[Opening MATERIAL FOR THIS EXERCISE section]

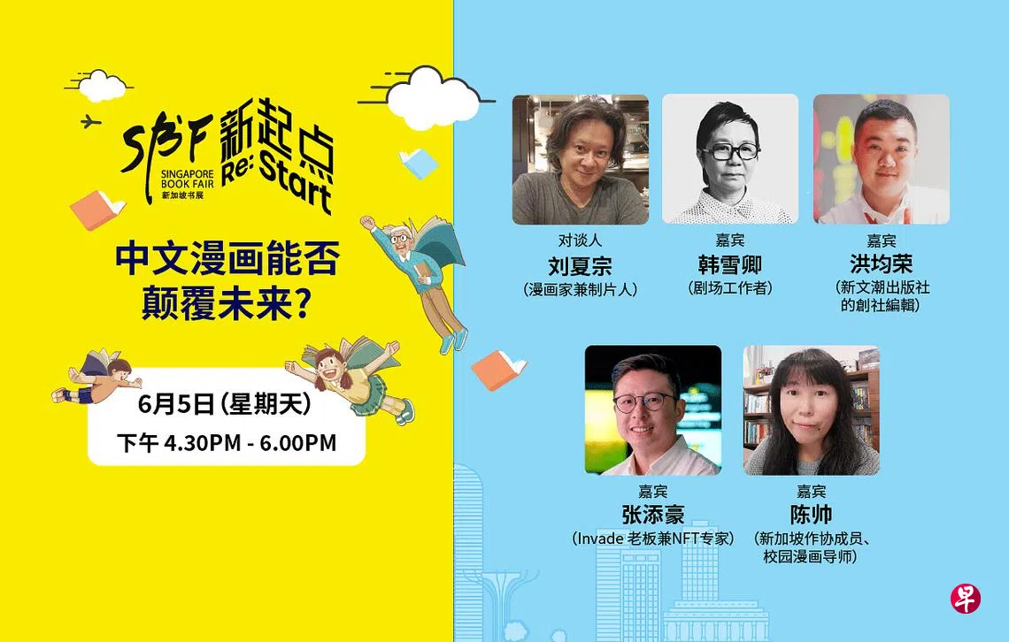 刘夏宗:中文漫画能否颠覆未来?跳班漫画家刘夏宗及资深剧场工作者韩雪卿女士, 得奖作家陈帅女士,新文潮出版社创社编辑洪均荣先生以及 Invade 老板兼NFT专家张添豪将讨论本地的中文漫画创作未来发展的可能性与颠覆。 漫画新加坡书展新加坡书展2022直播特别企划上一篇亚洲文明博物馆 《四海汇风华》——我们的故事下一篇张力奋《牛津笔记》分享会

[Closing MATERIAL FOR THIS EXERCISE section]
[Opening MATERIAL FOR THIS EXERCISE section]

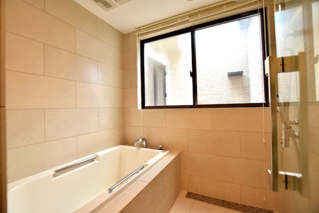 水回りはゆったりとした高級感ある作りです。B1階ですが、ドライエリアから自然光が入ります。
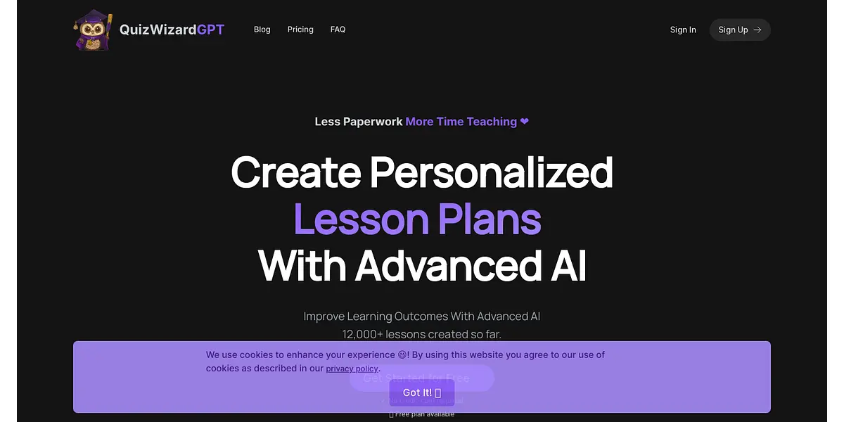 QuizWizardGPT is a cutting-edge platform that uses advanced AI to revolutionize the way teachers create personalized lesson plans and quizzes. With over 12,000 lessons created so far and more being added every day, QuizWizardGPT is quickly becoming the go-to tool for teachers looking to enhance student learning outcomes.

[Closing MATERIAL FOR THIS EXERCISE section]
[Opening MATERIAL FOR THIS EXERCISE section]

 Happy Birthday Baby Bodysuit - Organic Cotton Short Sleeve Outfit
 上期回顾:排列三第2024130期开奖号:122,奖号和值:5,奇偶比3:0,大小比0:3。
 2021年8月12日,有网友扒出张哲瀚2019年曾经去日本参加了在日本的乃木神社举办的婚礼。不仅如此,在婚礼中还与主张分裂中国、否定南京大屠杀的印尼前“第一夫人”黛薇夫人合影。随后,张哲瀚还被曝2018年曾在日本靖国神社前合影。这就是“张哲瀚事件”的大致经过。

[Closing MATERIAL FOR THIS EXERCISE section]

Could you reproduce exactly the lines of the entries above, from the one with "上期回顾:排列三第20241" through the one with "2021年8月12日,有网友", and nothing else?

 上期回顾:排列三第2024130期开奖号:122,奖号和值:5,奇偶比3:0,大小比0:3。
 2021年8月12日,有网友扒出张哲瀚2019年曾经去日本参加了在日本的乃木神社举办的婚礼。不仅如此,在婚礼中还与主张分裂中国、否定南京大屠杀的印尼前“第一夫人”黛薇夫人合影。随后,张哲瀚还被曝2018年曾在日本靖国神社前合影。这就是“张哲瀚事件”的大致经过。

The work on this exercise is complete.